According to Wikipedia.org, Six Sigma doctrine asserts:
- Continuous efforts to achieve stable and predictable process results are of vital importance to business success.
- Manufacturing and business processes have characteristics that can be measured, analyzed, controlled and improved.
- Achieving sustained quality improvement requires commitment from the entire organization, particularly from top-level management.
Features that set Six Sigma apart from previous quality improvement initiatives include:
- A clear focus on achieving measurable and quantifiable financial returns from any Six Sigma project.
- An increased emphasis on strong and passionate management leadership and support.
- A clear commitment to making decisions on the basis of verifiable data and statistical methods, rather than assumptions and guesswork.
Just how all this applies to the Department of Public Safety and how it justified an expenditure of $450,000 remains unclear.
Asked why Sill was placed on the state payroll as an unclassified employee instead of being retained as a contractor, DPS explained that the department “utilized a Civil Service hiring option to employ Ms. Sill as a WAE (when actually employed) due to the length of proposed projects underway or planned. This allowed her to perform projects across various state agencies as a state employee.”
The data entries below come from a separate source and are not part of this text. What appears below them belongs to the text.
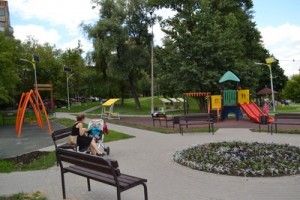 Это отличное место для прогулок с детьми. Для малышей обустроили современные, красочные игровые зоны. Есть горки, качели, песочница.
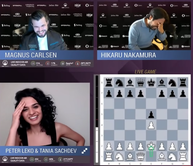 Durante una partita di un prestigioso torneo di scacchi online, il campione del mondo in carica dal 2013 Magnus Carlsen e lo stimato sfidante Hikaru Nakamura hanno provocato una certa ilarità ed eccitazione tra gli appassionati decidendo scherzosamente di cominciare la partita con quella che è considerata l’apertura più stupida e insensata del gioco, nota come “Bongcloud” e diventata per l’occasione Double Bongcloud (perché fatta da entrambi i giocatori). «Anche le peggiori aperture tendono ad avere, talvolta, qualcosa che le salva. L’apertura Bongcloud invece no» ha scritto il Guardian per descrivere la mossa, che blocca pezzi determinanti e va contro alcuni basilari principi del gioco. Non si era mai vista in una partita di così alto profilo, come hanno suggerito le reazioni degli stessi Carlsen e Nakamura e della commentatrice della partita, la scacchista Tania Sachdev.
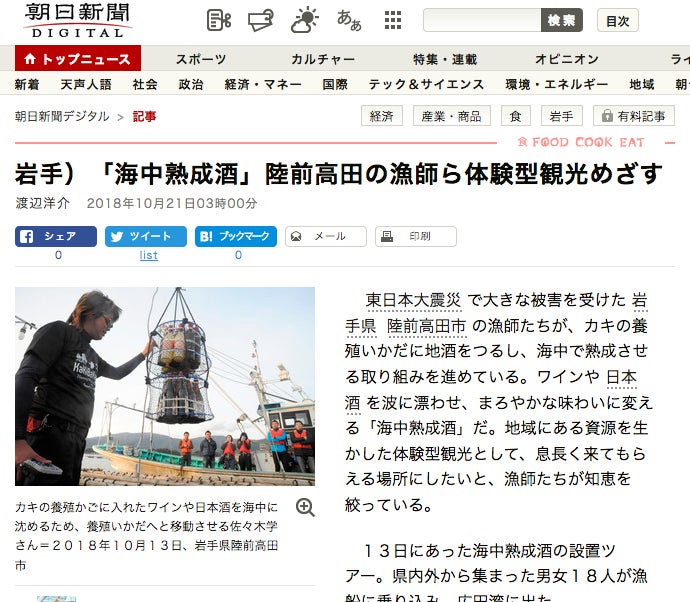 朝日新聞さんに海中熟成の取り組みを取材頂きました。
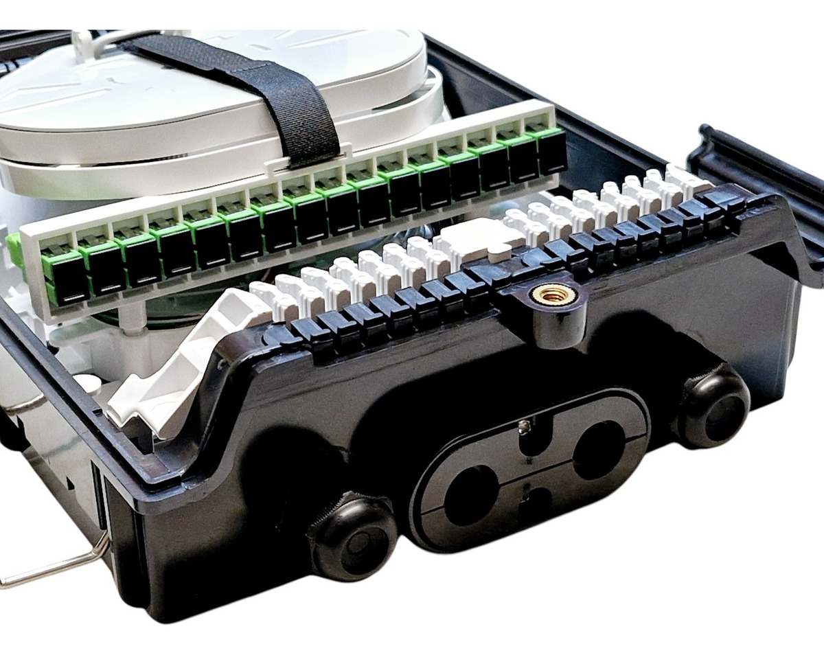 NAP CTO 2X16 SANGRIA CON SPLITTER 1X16 PLC 4X16 + FIJACION POSTE CON ABARAZADERA X10 UNIDADES
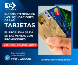 Desde la Cámara de Comercio, Industria y Servicios de Trenque Lauquen queremos poner en conocimiento de nuestros asociados que se han detectado inconsistencias en las liquidaciones de las ventas con promociones de las tarjetas. Recomendamos a los comerciantes analizar las liquidaciones de las tarjetas para no sufrir distorsiones en sus movimientos.

One explanation might be the $50,000 plateau for contracts. Any contract of $50,000 or more must be approved by the Office of Contractual Review.
A better reason could be that contracts are easier for prying eyes to spot and more susceptible to prompting questions from nosy reporters than an otherwise low key state hire.
But if the results of “streamlining operations of OMV” can be used as a barometer, the efforts of CTQ and Sill are less than auspicious. One need only make a trip to one of the local DMV offices gutted by Gov. Bobby Jindal’s employee layoffs to witness the interminable delays brought on by his privatization obsession. And while you’re waiting, don’t take it out on the overworked, stressed-out employees. Just remember to thank Jindal—and Lean Six Sigma.
And bring a good book to read while you wait.